(Source records)
[Start of section]

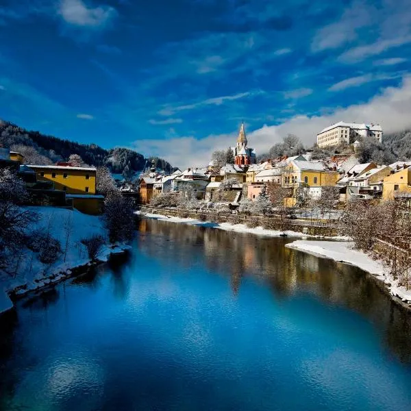 Wohnung Esebeck - Blick auf Altstadt坐落于穆劳,享有山景,提供免费WiFi。这家住宿距离毛特恩多夫城堡有45公里,配备花园和免费私人停车位。 这家度假屋提供阳台,享有市景,拥有1间卧室、起居室、电视、带冰箱和烤箱的设施齐全的厨房以及1间带浴缸的浴室。这家度假屋也配备休息区和1间浴室。 这家度假屋距离尤登堡天文馆有47公里。克拉根福机场距离住宿有81公里。
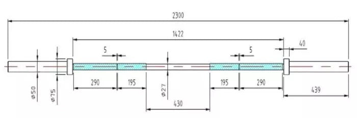 Tämä tanko on 230 cm pitkä ja siinä on 142,2 cm kahva-alue, joka tarjoaa optimaalisen otteen. Tangon maksimikuormitus on 907 kg, ja sen PSI-arvo on 205 000. Tangossa on karkeasti karhennettu pinta parhaan mahdollisen otteen varmistamiseksi.
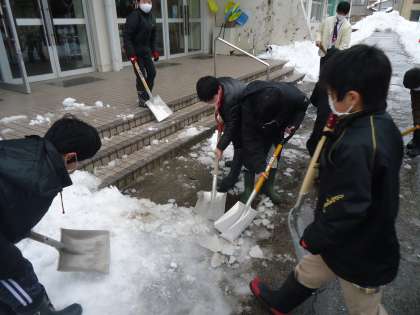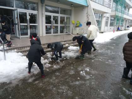 19日(水)のいきいきタイムに児童玄関前で雪かきをしている5年生の姿がありました。「雪かきをしたいです」と自主的に担任の先生に伝えてきたとのことです。様々な活動で、最上級生に向けての意識を高めている多くの5年生の姿が見られます。大人になとっては、うんざりするような雪かきですが、子供たちにとっては、心を育てる大切な活動となっています。今後も楽しみです。
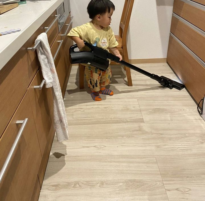 自分の体よりも大きな掃除機を持って掃除に励む息子さん。保育園から帰ってきて疲れているはずなのに、毎日のように掃除機をかけてくれるなんて驚きですし、その姿はまさに働き者!小さな体で一生懸命掃除機をかけている姿を見たら、1日の疲れも吹っ飛びそうですね。
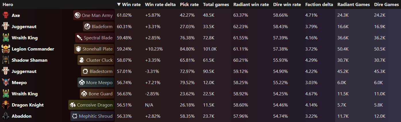 Wraith King with the Spectral Blade Facet rounds out the top three with a win rate of 59.62%.
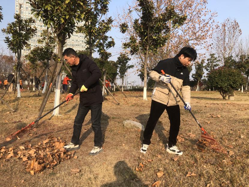 隨著冷空氣的悄然侵襲,天氣變得既寒冷又干燥,樹葉落滿了地面,不僅給居民的出行帶來不便,還影響了轄區(qū)環(huán)境的整潔。為進一步踐行勞動精神,更好地發(fā)揮臺北投資公司機關(guān)黨支部戰(zhàn)斗堡壘作用和黨員先鋒模范作用,切實保障綠化分公司創(chuàng)智綠園“冬準(zhǔn)”工作。12月6日下午,機關(guān)黨支部聯(lián)合綠化分公司黨支部在創(chuàng)智綠園開展“踐行勞動精神,集中清除落葉”突擊勞動活動。
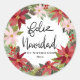 Feliz Navidad Script Red Poinsettia Wreath Classic Classic Round Sticker
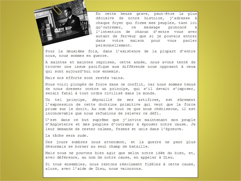 il s'agit d'un diaporama travaillé pour une séance sur Le discours d'un roi.
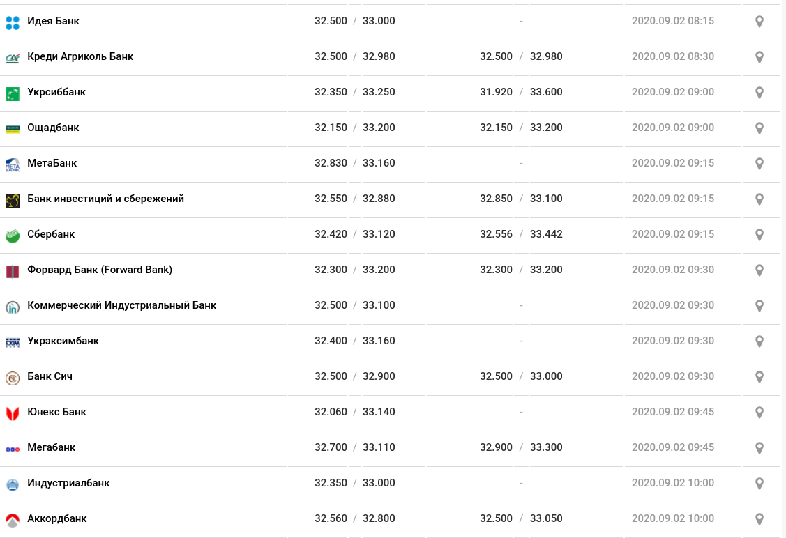 Стоимость евро в диапазоне от 32, 800 гривен и до 33,250 гривен.
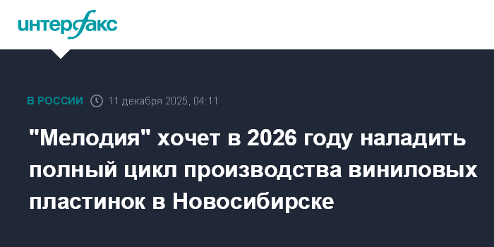 "Мелодия" хочет в 2026 году наладить полный цикл производства виниловых пластинок в Новосибирске
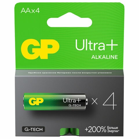 Батарейки КОМПЛЕКТ 4 шт., GP Ultra Plus G-Tech, AA (LR6), алкалиновые, пальчиковые, 15AUPA21-2CRSB4
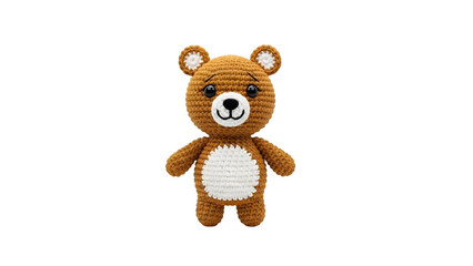 Adorable brown crocheted teddy bear with white accents and a friendly smile stands on a white background showcasing its cute design and charming expression.
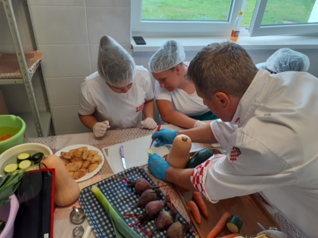 Cilj radionice, koju su pohađali učenici 2.d razreda smjer kuhar, bio je upoznati naše učenike s ovom disciplinom i naučiti osnovne tehnike obrade namirnica koje se mogu koristiti za dekoriranje svečanih stolova.
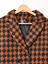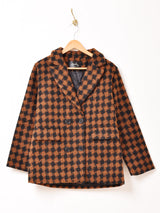 クラシックなダイアパターンが目を惹く、ダブルブレストのジャケット。オーバーサイズで中に着込んでもこなれた印象に。季節感のある、秋冬らしい生地のテキスタイルも魅力的です。
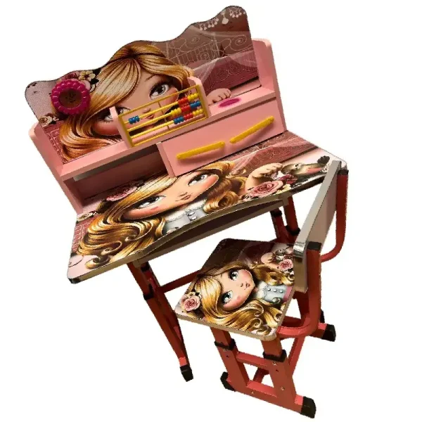 - Design Atrăgător și Jucăuș: Setul birou și scaunel este decorat cu desene și culori vesele, captivând atenția și stimulând creativitatea copilului tău în timpul activităților de studiu și joc.
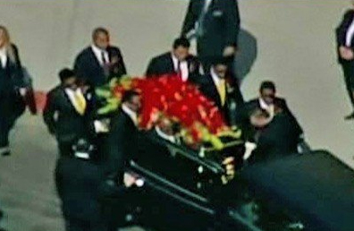在加州高速公路巡邏警車的開道下,部份通往森林草坪墓園(Forest Lawn Parks & Mortuaries)的高速公路路段一度短暫關(guān)閉,以協(xié)助家族成員的車隊(duì)不受上班尖峰時間塞車的影響。
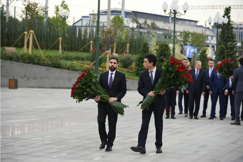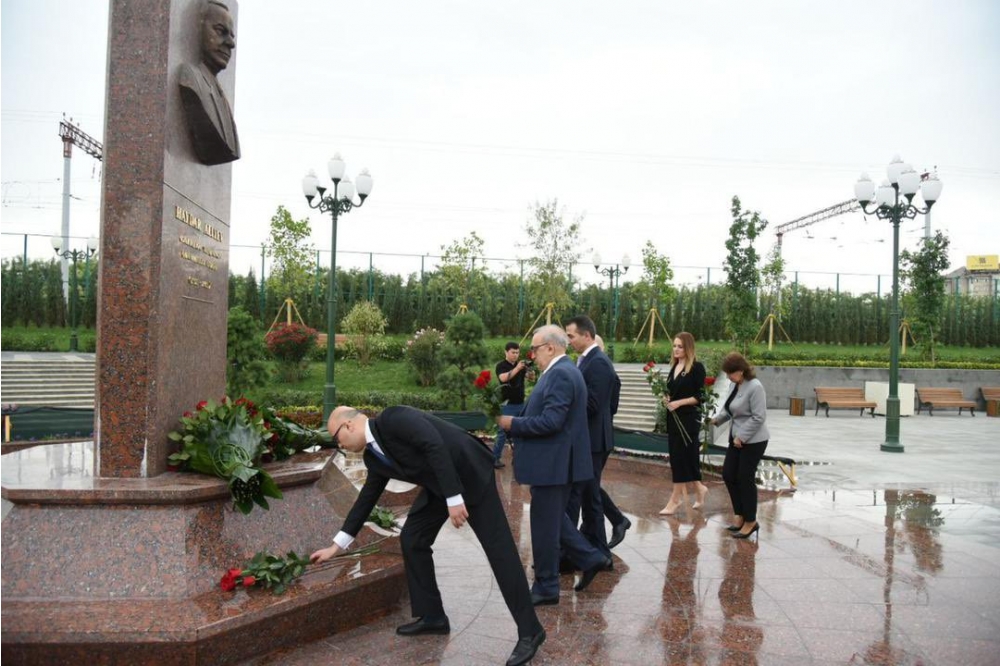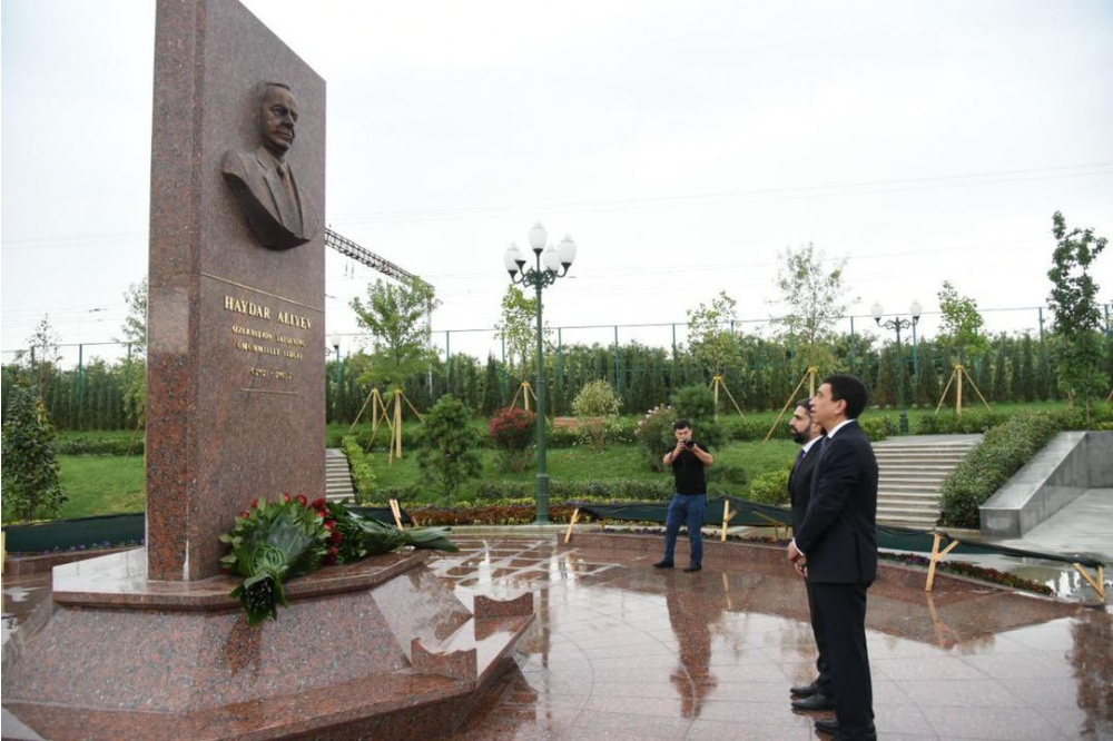 “Özbəkistana səfər çərçivəsində ümummilli lider Heydər Əliyevin abidəsini ziyarət edərək ulu öndərin əziz xatirəsini yad etdik”.
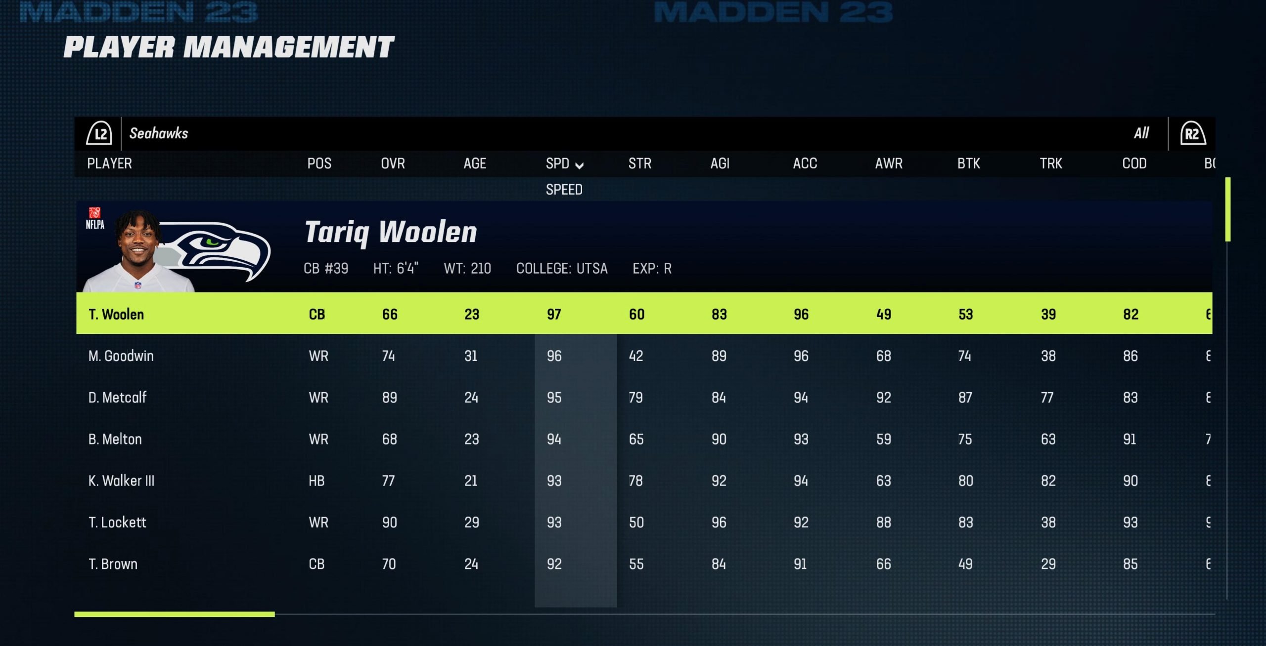 가장 빠른 선수: Tariq Woolen, CB (97 속도); 후작 Goodwin, WR (96 속도); DK Metcalf, WR(95 속도); 보 멜튼, WR(94단)
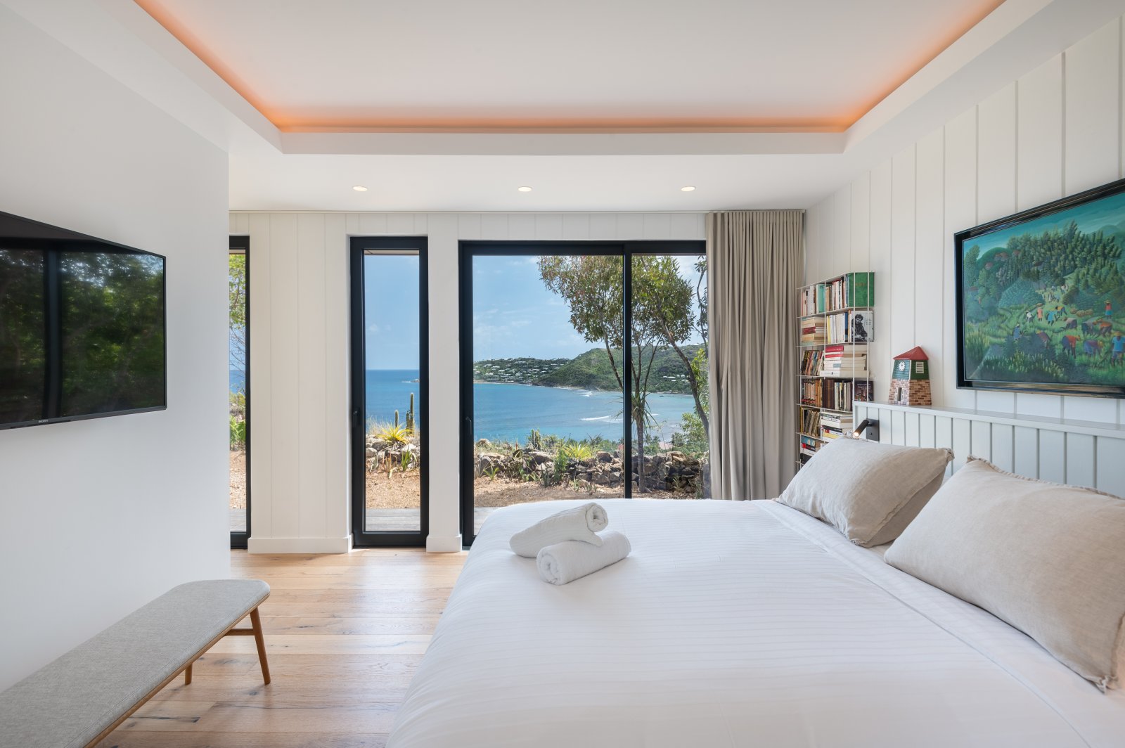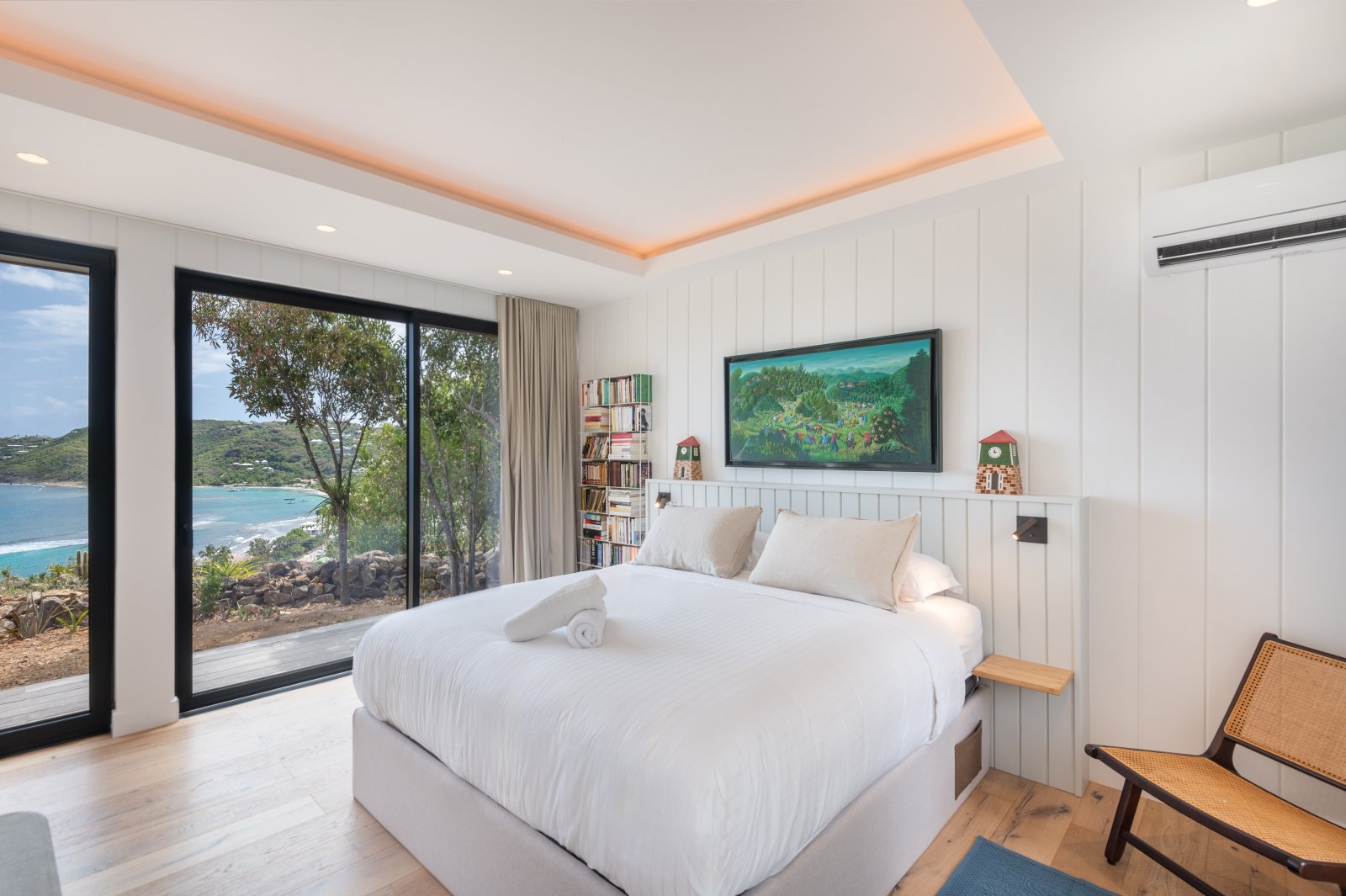 Bed: King Bed • En-Suite Bath with Rainfall Shower • TV • Air Conditioning • Direct Access to Deck • Ocean View

[End of section]

EXERCISE INSTRUCTIONS
Print nothing but the lines above starting with the line that contains "Стоимость евро в" and going on through the line that contains "Батарейки КОМПЛЕКТ 4". Leave out the pictures.

OUTPUT BELOW
 Стоимость евро в диапазоне от 32, 800 гривен и до 33,250 гривен.
 "Мелодия" хочет в 2026 году наладить полный цикл производства виниловых пластинок в Новосибирске
 Батарейки КОМПЛЕКТ 4 шт., GP Ultra Plus G-Tech, AA (LR6), алкалиновые, пальчиковые, 15AUPA21-2CRSB4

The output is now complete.